Use this structure to select and implement software that works for your company now and in the future.

It’s a daunting task to select and implement a suite of software that can connect all facets of a contracting business. There are scores of construction-related programs out there, each and every one with distinct features that may – or may not – fit your type of work.

Christian Burger is the president of the Burger Consulting Group in Wheaton, Illinois. The company helps contractors select and implement the right software for their businesses. “The objective is to select a system that fits business needs while achieving organizational buy-in for the decision,” he says.

He uses a 10-step process that provides a framework for making a good selection decision.

1. Select the team. “Establish a core team of six to eight people. Team members could include a jobsite project manager, controller, equipment manager, estimator and other operational people. The group should represent the key functions in the company that will be most affected by the implementation.

“If you have an information technology department, it can be helpful on the core team, but the selection process should be driven by the front-line users,” Burger says.

He suggests a project manager from the field be dedicated to the implementation process full-time, if possible. “They have the communication, scheduling, delegation, consensus-building and decision skills for this type of job,” he says.

2. Set objectives. The team’s first job is to clearly define what it wants the new software to accomplish. “Work with upper management to identify the company’s business direction and goals, then determine the role of an information system within the business. From there, the group should develop near-term and long-term goals for the information system,” he says.

3. Analyze the company’s needs. This defines the key business processes the software must address. “Each functional area should contribute their key requirements during the needs analysis process. It is important to remember that not all of your processes will be duplicated when you have a new system. Some things are done the way they are because of the current system. Focus more on what you want from a new system.” he says.

The operational requirements will most likely differentiate one software product from another. Aside from payroll, many of the accounting applications do the same things. It is job costing, equipment management, billing and purchasing functions that really make a difference in a construction company, he adds.

4. Prepare the request for proposal. Your request for proposal (RFP) should succinctly outline everything the software must do. This process develops your shopping list. What are the key functions the program should cover? What is the volume of transactions in those functions? What software is already in place, and what are its shortcomings? Strong points?

The RFP is a document that outlines details about your company, the systems you have now, your desired systems, your detailed requirements, and how you want the vendors to respond. 

“This may sound like a small item but if you do not specify how you want the responses to come back to you, they will come in looking very different, making comparisons difficult,” he says.

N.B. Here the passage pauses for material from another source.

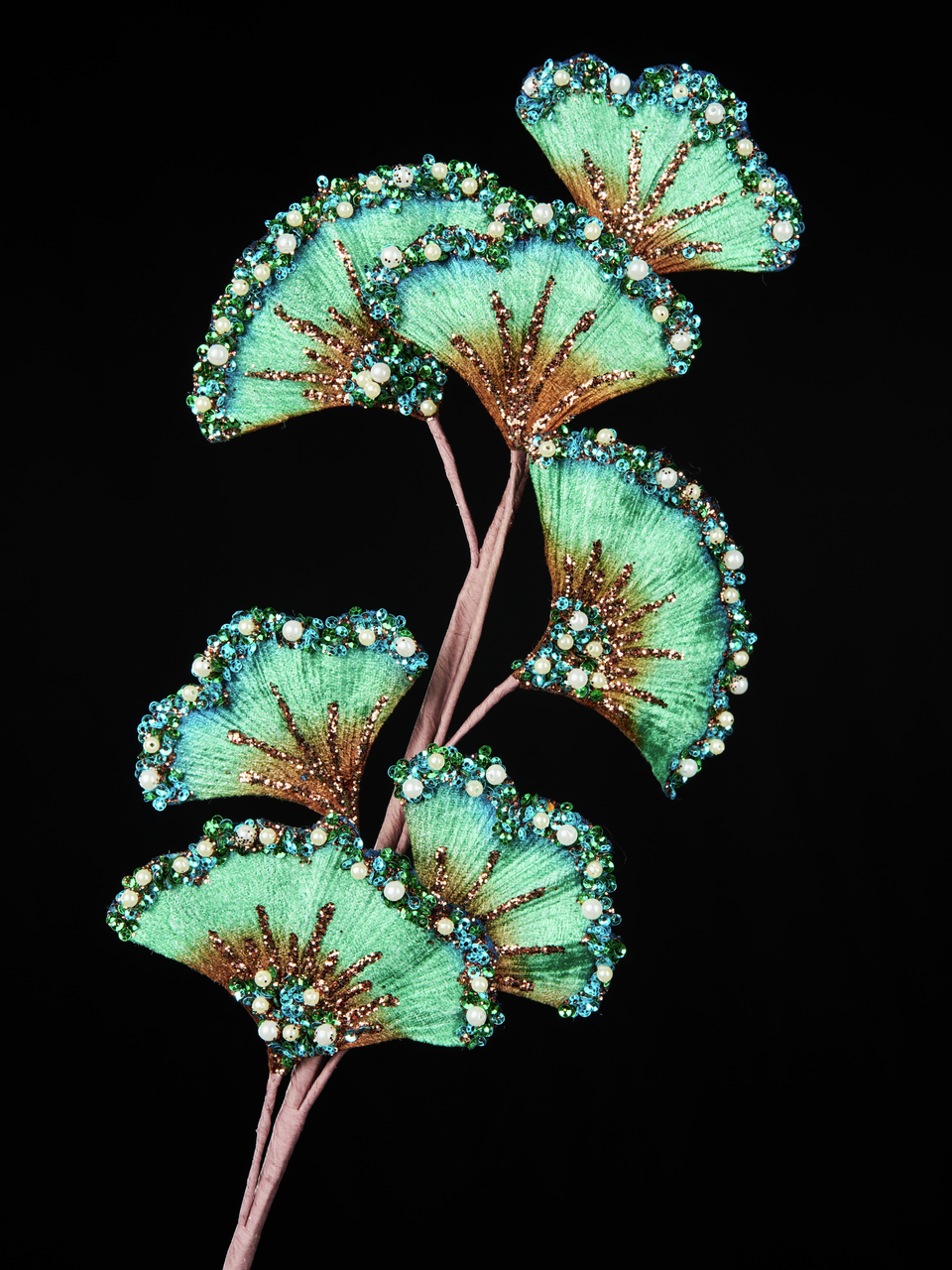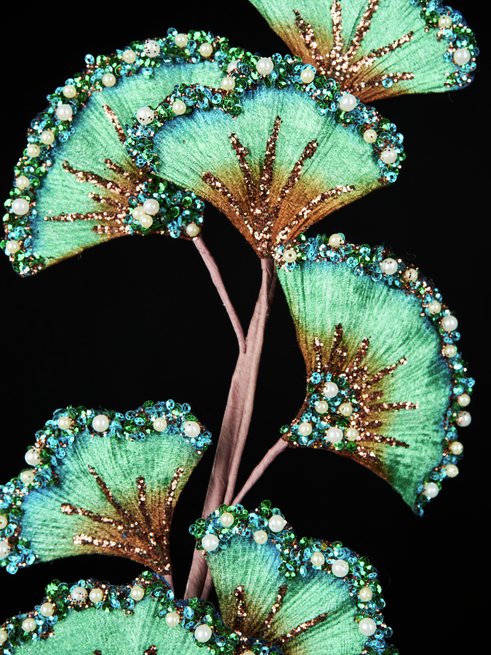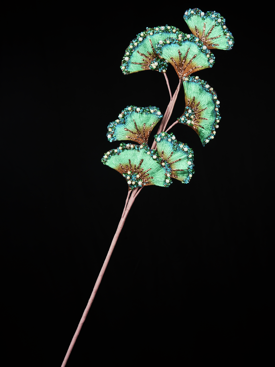 Веточка гинго Christmasdeluxe бирюзовая, 60см

Make sure the software specifications differentiate between available, tailorable, custom and not available. “This is important because some systems are more structured and only offer a set of functions out of the box. Others may not offer all functions out of the box, but a few adjustments to the software or report-writing and form tools allow the system to be tailored more closely to your needs.

“If a feature is expected in a ‘future release’, the vendor should indicate the date that release will become available,” he says.

The RFP should go out to no more than five or six potential vendors. “You should have narrowed your short list based on some pre-qualification list of features. Vendors don’t want to take time to respond if there is a significant issue that will ultimately knock them out of the running, plus you don’t want to analyze any more responses than you have to.

“You will find that no one software program does everything well. When searching for software candidates, look for companies that have worked with contractors that do similar work you do and are about the same size or bigger than your company. They are more likely to have the software that fits your needs and the experience and interest to serve your needs,” he says.

5. Analyze the responses. As the software vendors respond, rank their proposals and capabilities. One team member should not drive the process because that person’s preferences may overshadow the needs of others. The analysis should help you narrow the list to two or three vendors.

Burger recommends getting demonstrations from these two or three vendors; any more than that gets very time-consuming and confusing. “Use a functional matrix to boil down the responses. Make sure you get a good handle on all costs in the proposal and if you don’t, call the vendor for clarification. The cost summary should include software, hardware, training, consultation and maintenance. Remember that maintenance is an ongoing cost and not all maintenance is created the same. Read the proposal language carefully,” he says.

6. Ask for demonstrations. Burger says the response analysis should lead you to two top vendors. “If you want to get demonstrations on more than two vendors, it becomes very complicated and overwhelming. Instead, do your homework upfront. It helps simplify the process,” he says. The demonstrations should not be in the same week, but they should be within a week of each other. “Prepare a demo script that outlines what you want to see from the programs. Having a script helps assure that you will be able to compare the two programs fairly,” he adds.

Make sure the people who will rely on the program in their jobs have a chance to participate in testing them. “You don’t just want accounting people trying out the program because they are less familiar with the nuances of what project managers want and need from a job-cost system,” Burger says.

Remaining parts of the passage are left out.